AI agents call xbrl_edgar_bulk_facts to retrieve information from Arelle without modifying anything — typically the context-gathering step in research, monitoring, and reporting workflows, before the agent takes action elsewhere.
Despite empty description, the naming convention and server context strongly indicate this tool retrieves bulk financial facts from SEC EDGAR filings. This is a read operation with no side effects—it queries and extracts data. Severity is medium because bulk financial data could inform investment decisions or competitive analysis if misused, but the tool itself performs no destructive or financial transactions.
From the tool's definition Tool name contains 'bulk_facts' and 'edgar' (SEC EDGAR). The arelle-mcp server description indicates tools for 'fact extraction' and 'SEC EDGAR integration'.
Attacks that exploit this kind of access
xbrl_edgar_bulk_facts. It is categorised as a Read tool in the Arelle MCP Server, which means it retrieves data without modifying state.
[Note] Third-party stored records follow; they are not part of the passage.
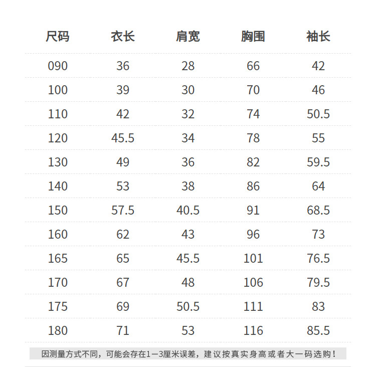 | 尺码 | 衣长(cm) | 肩宽(cm) | 身高(cm) | 袖长(cm) | 适合年龄 | 胸围(cm) | 号型 |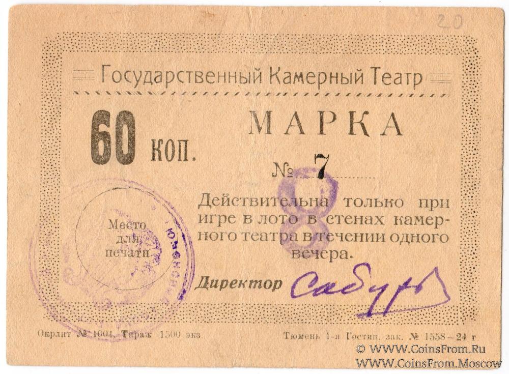 Марка без даты (1924 г.). На жёлтой бумаге. Тюменский Государственный Камерный Театр.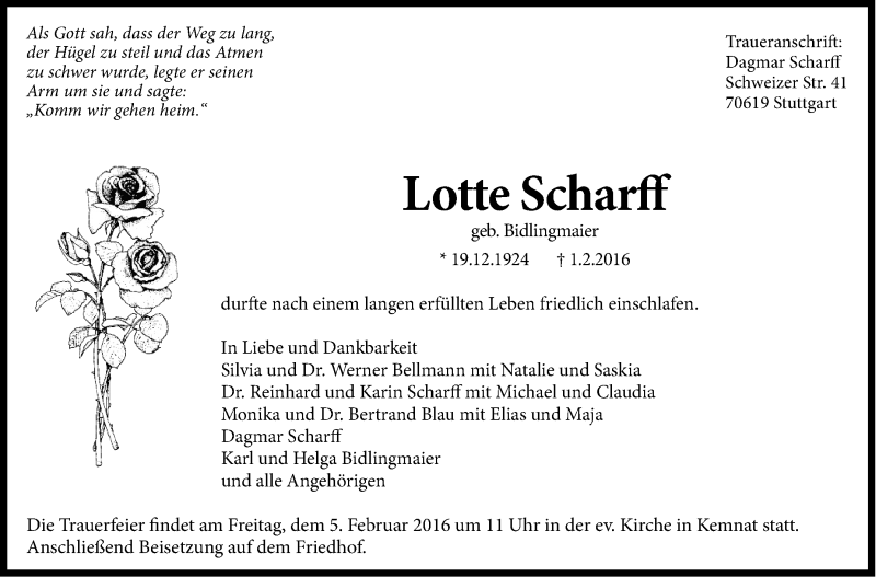 Hier finden Sie alle Traueranzeigen aus der Zeitung, die bisher für Lotte Scharff erschienen sind. Weitere Traueranzeigen, die in der Zeitung erscheinen, werden hier ebenfalls aufgelistet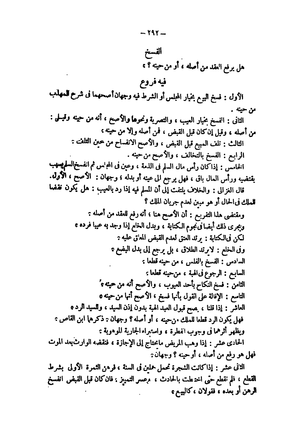 الْفَسْخُ هَلْ يَرْفَعُ الْعَقْدَ مِنْ أَصْلِهِ أَوْ مِنْ حِينِهِ فِيهِ فُرُوعٌ الْأَوَّل: فَسْخُ الْبَيْعِ بِخِيَارِ الْمَجْلِسِ أَوْ الشَّرْطِ فِيهِ وَجْهَانِ أَصَحّهمَا فِي شَرْحِ الْمُهَذَّبِ مِنْ حِينِهِ.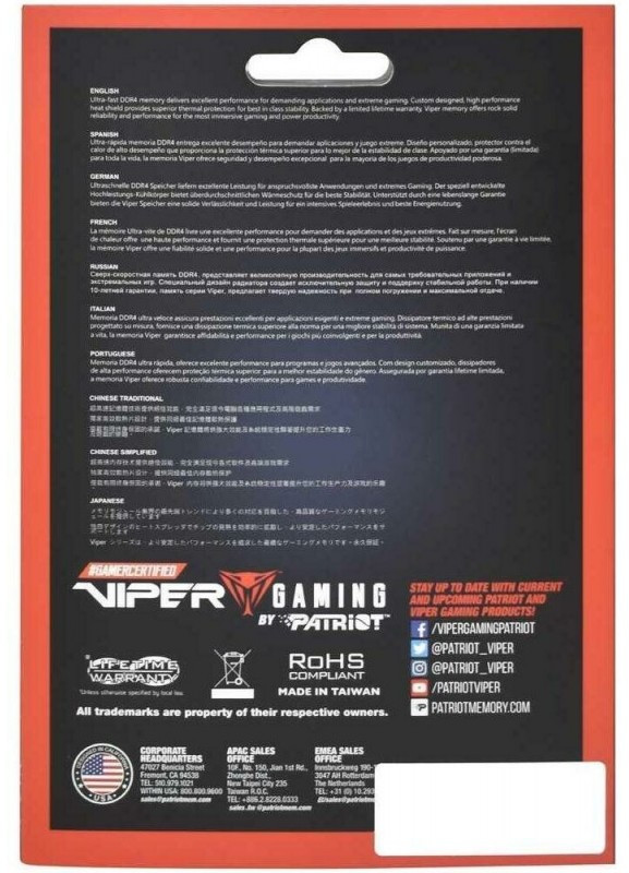 Описание Patriot Viper 32Gb [PVE2432G360C0]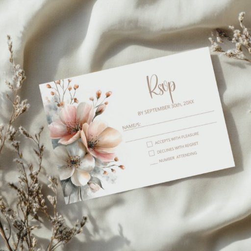 A rustic pink floral wedding RSVP response card to include with your invitation for your guests to confirm their attendance on your special day.

Register the Arelle MCP server in PolicyLayer and add a rule for xbrl_edgar_bulk_facts: allow, deny, rate-limit, or require approval. Point your MCP client at the PolicyLayer proxy URL and the rule is enforced on every call, before it reaches Arelle. Nothing to install.
xbrl_edgar_bulk_facts is a Read tool with low risk. Read-only tools are generally safe to allow by default.
Yes. Add a rate_limit block to the xbrl_edgar_bulk_facts rule in your PolicyLayer policy. For example, setting max: 10 and window: 60 limits the tool to 10 calls per minute. Rate limits are tracked per agent session and reset automatically.
Set action: deny in the PolicyLayer policy for xbrl_edgar_bulk_facts. The AI agent will receive a policy violation error and cannot call the tool. You can also include a reason field to explain why the tool is blocked.
xbrl_edgar_bulk_facts is provided by the Arelle MCP server (thekinghippopotamus/arelle-mcp). PolicyLayer sits as a proxy in front of this server to enforce policies before tool calls reach the server.
Every MCP server has a record like this.
Type a name, get the same breakdown: verified identity, auth posture, risk grade, capabilities, recommended policy.